# S.S Calder



## pedro64 (Sep 21, 2006)

Can anyone help with locating a crew list for the Calder lost with all hands 1931 many thanks


----------



## pedro64 (Sep 21, 2006)

ok found it


----------



## C Russell (Apr 15, 2011)

Could i ask what information you have on the SS Calder and its captain T.W Sutherby who was my Great grandfather?
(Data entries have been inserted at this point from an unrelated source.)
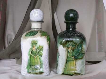 7. Стекло. Банки и бутылки, особенно причудливой формы, сейчас очень можно расписывать или оформлять в технике декупаж.
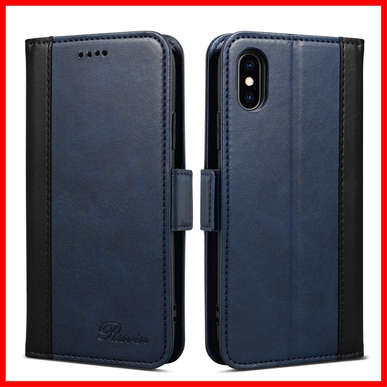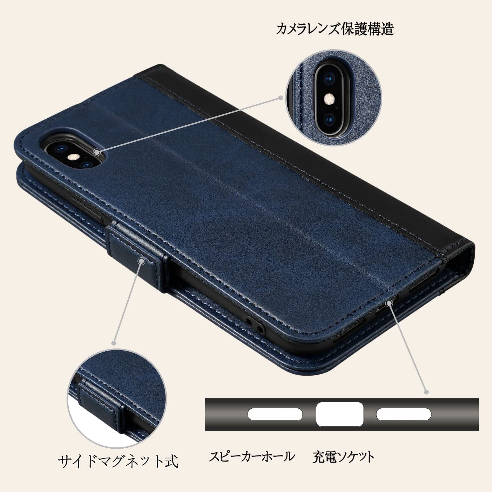 ● 商品名:[Rssviss] iPhone Xs ケース 手帳型 ワイヤレス充電対応 カード収納 スタンド機能付き ダークブルー
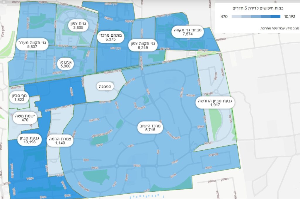 ממוצע חודשי – כמות חיפושים לדירות 5 חד' על פני שכונות העיר
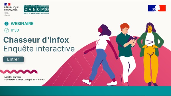 Pour compléter cette exposition, l’Atelier Canopé de Nîmes a conçu un parcours sur tablette de 6 activités, à destination des collégiens et lycéens abordant l’information et la désinformation sous différents angles. Les élèves sont invités par un journaliste, Nicolas de Roman, à réaliser un ensemble de missions (au moins une enquête et deux quiz) leur permettant de valider des badges de compétences en éducation aux médias et à l’information. Un livret pédagogique a été élaboré pour accompagner les enseignants, les animateurs et les médiateurs, en leur apportant les informations nécessaires à la correction des activités proposées.
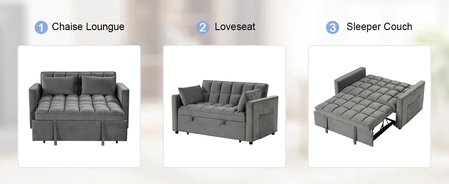 3-in-1 Convertible Design: Transforms from loveseat → lounge → sleeper in seconds
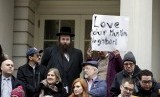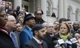 Ketua Dewan Kota New York Melissa Mark-Viverito (kanan) mendengarkan Imam Khalid Latif saat berbicara di depan para pengunjuk rasa yang menentang pernyataan kandidat calon presiden AS, Donald Trump, yang melarang muslim untuk masuk ke AS di New York, Rabu
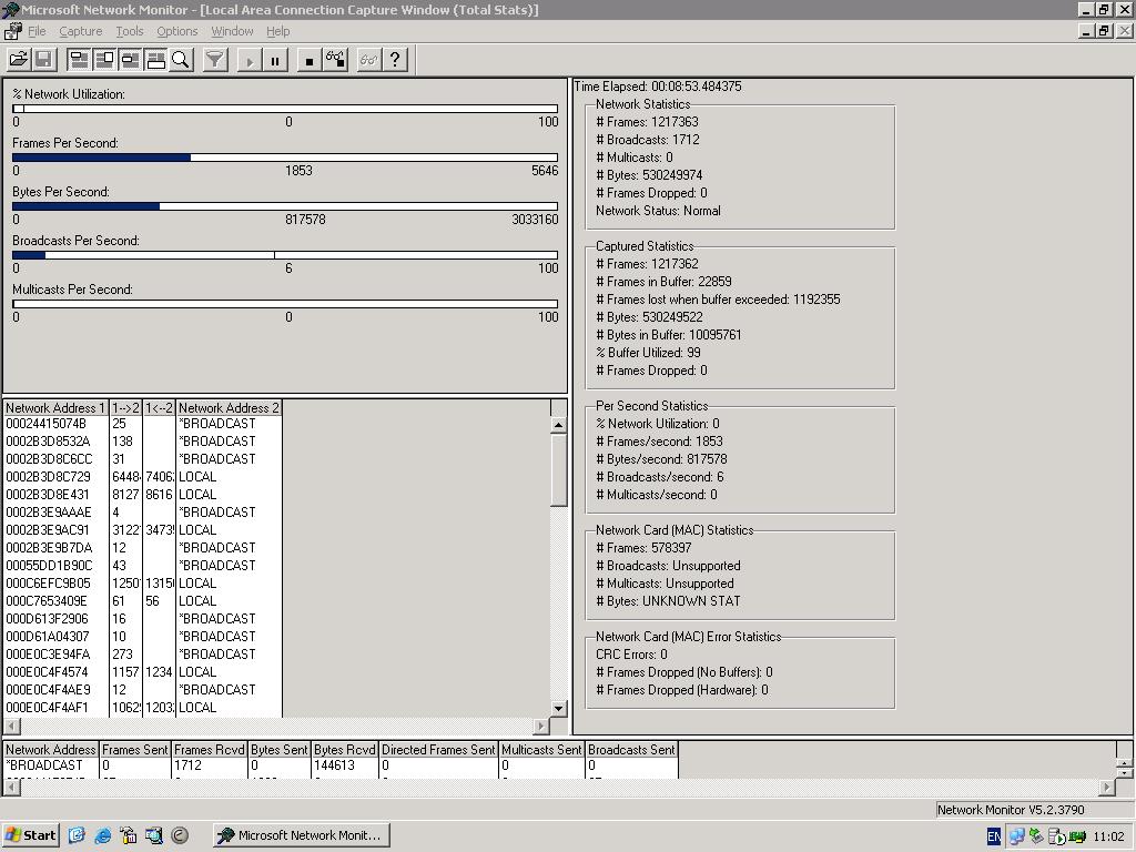 Последите за этим параметром, важны пики, насколько они будут частыми. И еще один параметр, Buffer Utilized, он где-то справа. Перед этим поставьте размер буфера метров 10-ть.Sergey Petrov писал(а):Сейчас %Network Utilization = 1, Network Card (MAC) Error statistics все по нулям.
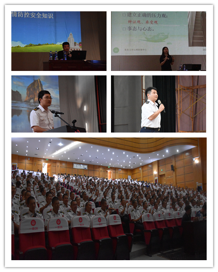 保卫处处长董振寿从疫情防控安全、交通安全、人身安全、防盗防骗、防火用电安全、食品安全等方面给新生详细讲解安全注意事项;学生心理咨询中心教师周鸣从大学生新生活将面临的变化、变化带来的适应问题、大学生心理适应的对策三个方面,讲解了新生有可能会遇到的问题和解决的办法,针对半军管制度下的身体与心理素质的训练给出具体建议;教师赖龙荣则对新生做了入党启蒙教育,他从入党流程、入党条件、党员权利、党员义务等方面给新生做了全面介绍,帮助新生端正入党动机;辅导员向新生介绍了半军管制度,对航海类专业学生如何遵守半军管提出了具体要求。
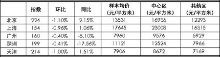 根據(jù)中原領(lǐng)先指數(shù)系統(tǒng)顯示,2008年12月五大主要城市二手住宅價(jià)格繼續(xù)下跌,但跌幅有所減小。廣州深圳僅出現(xiàn)0.4%左右的下跌幅度;北京、上海和天津指數(shù)仍保持1%左右的幅度繼續(xù)下跌。
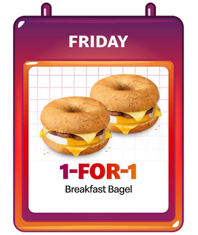 - Locate the 1-for-1 Breakfast Bagel deal under the promotions or deals section
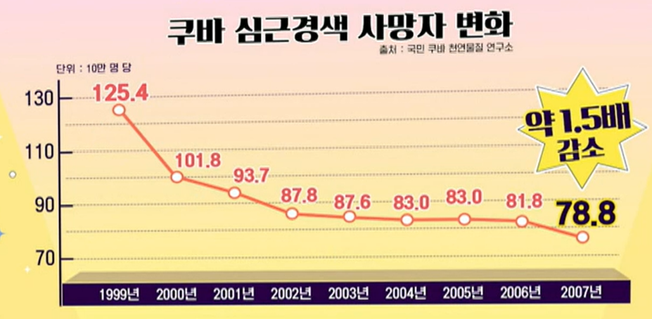 쿠바인의 콜레스테롤 수치 감소로 심근경색 사망자가 1999년 인구 10만 명당 125.4명이었던 것이 약 10년이 안 된 2007년도에는 78.8명으로 감소해 건강 빈민국이 아닌 건강 장수국으로 거듭나게 되었습니다.
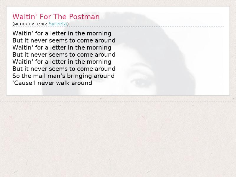 А как ты думаешь, о чем песня "Waitin' For The Postman" ?
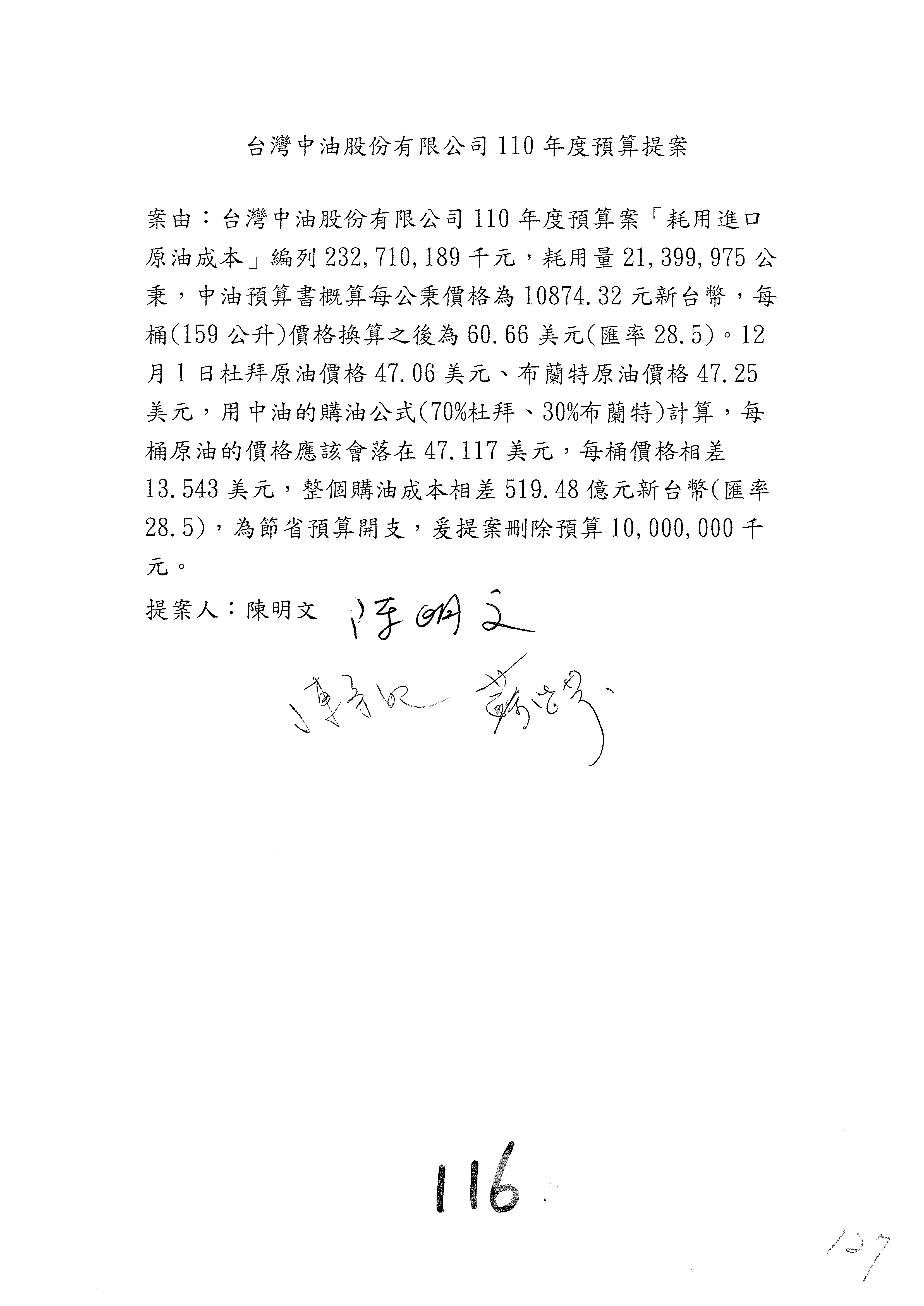 曾次長文生:第116案主要是油價估算的問題,銷貨收入和銷貨成本要同時減列,所以我們的估算是,如果FOB的價格少1美元的話,就約減列60億元;如果把估算做得保守一點,以52元計算的話,銷貨成本和銷貨收入就是各減列120億元。
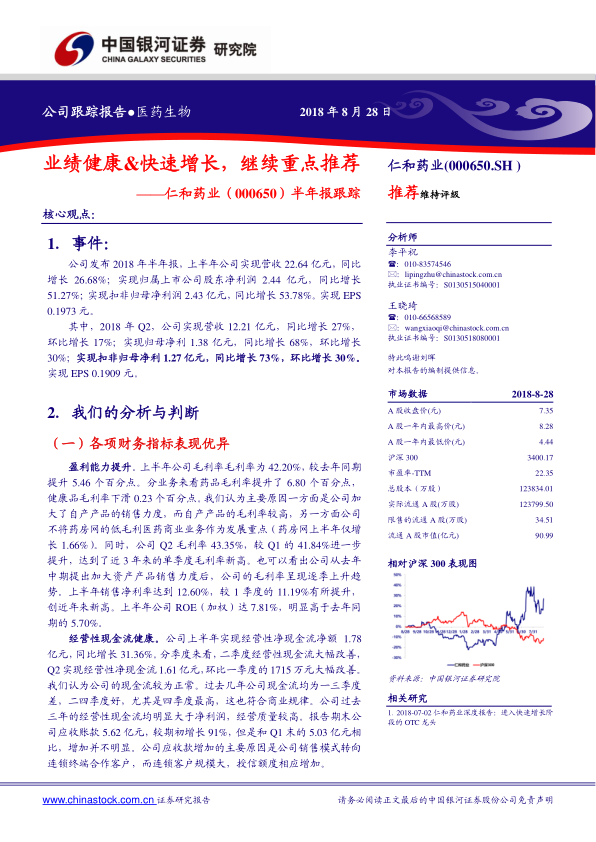 本报告分析了仁和药业(000650.SH)2018年半年报,并对其未来发展潜力进行了评估。核心观点如下:
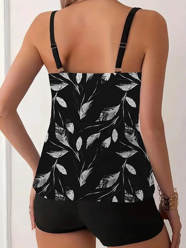 Eleganter zweiteiliger Tankini mit hoher Taille und Blattmuster. Perfekt für Strand und Urlaub – jetzt entdecken.

I have joined this site in my research of my Grandfather and his stricken vessil, any information on research resources (books and pictures etc) you know of would be very much appreciated


----------



## ray1buck1 (Sep 4, 2005)

Hello
I would suggest that you contact Southampton Archives who should be able to provide Thomas William Sutherby’s CR1, CR2 and his CR10 service record cards which will give the ships that he served on by Official Ships NO 
ink http://www.southampton.gov.uk/s-leisure/artsheritage/history/maritimehistory/centralindex.aspx

Southampton City Archive 
Southampton City Council 
South Block Basement 
Civic Centre 
Southampton 
SO14 7LY 
Telephone +44(0) 23 8083 2251 
Email: [email protected] 
Website: Southampton City Archive

If this is the right person then there is a record for a Thomas William Sutherby DoB circa 1888 Goole Yorkshire for his WWI medal entitlement which can be down loaded £3:50
http://www.nationalarchives.gov.uk/...asp?Edoc_Id=8538672&queryType=1&resultcount=1
Ray


----------



## Roger Griffiths (Feb 10, 2006)

Hello,
Take a look at the BOT Wreck Report for CALDER.
http://www.plimsoll.org/resources/SCCLibraries/WreckReports/14086.asp
There are also four newspaper reports in the London Times.

Roger


----------



## Roger Griffiths (Feb 10, 2006)

pedro64 said:


> ok found it


Hello.
Could you tell us where you obtained this information and could you share it with us please.

Thanks
Roger


----------